UW-Madison’s Institute for Research on Poverty named national Poverty Research Center

September 19, 2016 By Käri Knutson

The Institute for Research on Poverty (IRP) at the University of Wisconsin–Madison, the nation’s longest standing center for poverty research, has been awarded a five-year, $9.5 million cooperative agreement to serve as the national Poverty Research Center.

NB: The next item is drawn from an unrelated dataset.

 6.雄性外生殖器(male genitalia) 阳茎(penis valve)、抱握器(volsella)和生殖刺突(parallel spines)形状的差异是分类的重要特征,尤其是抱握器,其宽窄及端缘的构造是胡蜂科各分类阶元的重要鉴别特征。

The award from the Office of the Assistant Secretary for Planning and Evaluation (ASPE), the principal advisor to the Secretary of the U.S. Department of Health and Human Services (DHHS) on development of policy and legislation, strategic planning, policy research and evaluation, and economic analysis, comes as IRP marks its 50th year of examining the causes of poverty and inequality in the United States and approaches to reduce them. The award establishes IRP as the nation’s sole federally funded Poverty Research Center, an honor that IRP has shared with the Center for Poverty Research at the University of California, Davis, and the Stanford Center on Poverty and Inequality for the past five years.

 

Rebecca Blank

Chancellor Rebecca Blank

“I am pleased and proud that ASPE chose to continue its important poverty research program with IRP in the lead,” says UW–Madison Chancellor Rebecca Blank, a longtime IRP affiliate. “IRP has contributed a great deal to our understanding of poverty and related policy during its 50 years at the university, creating a cadre of researchers spread across the nation and the globe, helping make poverty and social policy research truly interdisciplinary, and maintaining a strong link with the policy world. IRP affiliates’ research has influenced social policy in the state, nation, and beyond. ASPE’s vote of confidence in IRP confirms the importance of these contributions and high expectations for future innovation and success.”

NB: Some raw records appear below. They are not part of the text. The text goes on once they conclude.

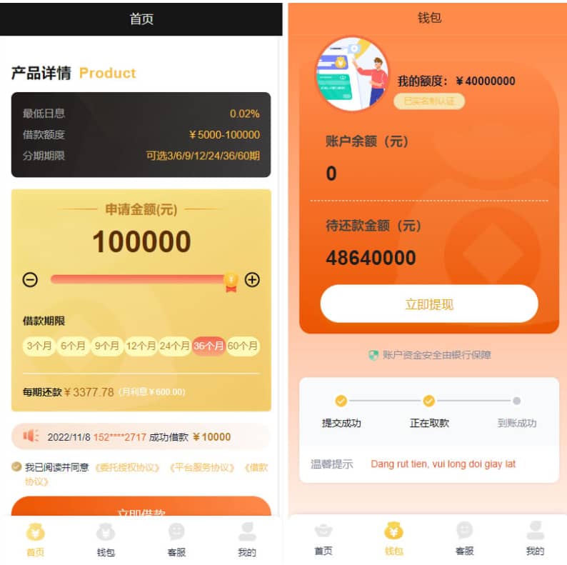 后台 代理 前端均为vue源码,前端有中文和越南语 前端ui黄色大气,逻辑操作简单,注册可对接国际短信,可不对接 用户注册进去填写资料,后台审批,审批状态可自定义修改文字显示
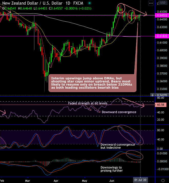 Trade tips: At spot reference: 0.6455 levels (while articulating), contemplating above technical rationale, one can execute boundary options strategy. Such exotic option with upper strikes at 0.65 and lower strikes at 0.6375 levels likely to fetch exponential yields than the spot moves.
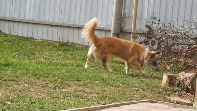 Пёс играется во дворе

IRP’s research, training, and dissemination activities focus on producing and promoting evidimgresence to increase the effectiveness of public policies to reduce poverty and inequality and their consequences. To fulfill this mission, IRP has established the Collaborative of U.S. Poverty Centers (CUSPC), which represents a sustainable, nationwide infrastructure to facilitate the exchange of applied poverty-policy research ideas and findings among the nation’s top scholars, policymakers, and policy practitioners. Its inaugural partners in this endeavor include the Center on Poverty and Social Policy at Columbia University, the Center on Race and Wealth at Howard University, the University of Kentucky Center for Poverty Research, and the University of Washington West Coast Poverty Center.

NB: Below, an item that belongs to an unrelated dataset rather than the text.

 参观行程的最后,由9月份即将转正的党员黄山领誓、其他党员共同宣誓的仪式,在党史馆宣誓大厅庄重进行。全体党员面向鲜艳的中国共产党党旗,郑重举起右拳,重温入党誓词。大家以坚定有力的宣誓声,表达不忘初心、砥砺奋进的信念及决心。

“We are grateful for ASPE’s ongoing confidence in our work, especially given the outstanding research centers competing for the award,” says IRP Director Lawrence Berger. “We look forward to continuing to work closely with ASPE, other federal agencies, and our CUSPC partners, as well as other poverty research centers such as those at Davis, Michigan, and Stanford, in producing and using research evidence to improve the lives of Americans who are struggling to get by.”